Well, almost. Sometimes it bothered him that nobody took him seriously. His brothers claimed everything was a game to him, even sex. They said he took love about as seriously as a game of pickup basketball
, and maybe they were right.
That’s why he needed to stay away from Suze. She took everything seriously, and he knew she liked him. It would be easy enough to seduce her, and he’d always wondered if she made love like she rode—all out, with her heart leading the way.
But she’d expect more of him than he had to offer. He made it a rule to stay away from girls who didn’t know how to play the game. He wasn’t out to hurt anybody.
The two of them strolled through the rodeo grounds in silence, heading for the area where the contestants kept their trailers. The crowds were mostly gone, and the place looked melancholy in the moonlight. The brightly lit stands that sold funnel cakes, fried Twinkies, and turkey legs were shuttered and dark, and the empty parking lot beyond was scattered with discarded day sheets and cigarette butts.
Suze was staring down at her feet as she walked, lost in thought. She seemed to have forgotten he was there.

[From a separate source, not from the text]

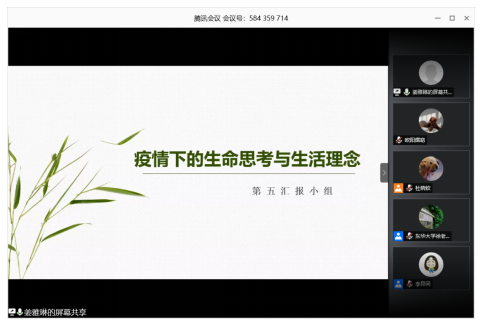第五组的同学结合自己亲身体悟,表示疫情给带来最大的改变是,开始珍藏生活里一些点滴的美好,开始勇敢地向对自己来说很重要的人去表达爱意……人只有一次生命,追求自己热爱的,守护自己珍重的,正如尼采所说,“每一个没有起舞的日子都是对生命的辜负。”
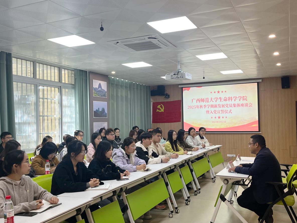 为切实强化党性教育,增强新发展党员组织归属感和身份认同感,厚植责任意识与使命担当,11月27日,生命科学学院党委在雁山校区厚藩楼理科组团124会议室开展2025年秋季学期新发展党员集体谈话暨入党宣誓仪式,学院党委主要负责同志、专职组织员与2025年秋季学期38名新发展党员共同参加此次活动。

He wasn’t used to that. Women generally paid him close attention.
“How do you do it?” he asked.
“Do what?”
“Focus the way you do? Everyone says I’d ride better if I’d apply myself. I apply my butt to the saddle, but apparently that’s not what they mean.”
She flashed him a smile, and her step took on a little bounce as she counted off points on her fingers.
“You have to live and breathe your sport, every minute of every day. You need to watch videos, of yourself and of the winning riders. You analyze what you do right and what you do wrong. You ask questions. You make sure everything you do is dedicated to succeeding. You eat right, you sleep right—everything goes toward the goal.”
She finished the speech with a little hop step, as if she was so excited, she could hardly contain herself. Now he was the one watching his boot tips as they walked.
“Doesn’t sound like much fun.”
She spun around and walked backwards in front of him. He’d evidently hit on her favorite subject. Talking about rodeo lit her up. She looked different. Animated.
“It’s not about fun.”
“So it’s all about winning?”
“No.” She turned and walked beside him again, the animation gone, her tone flat. “It’s all about making a living.”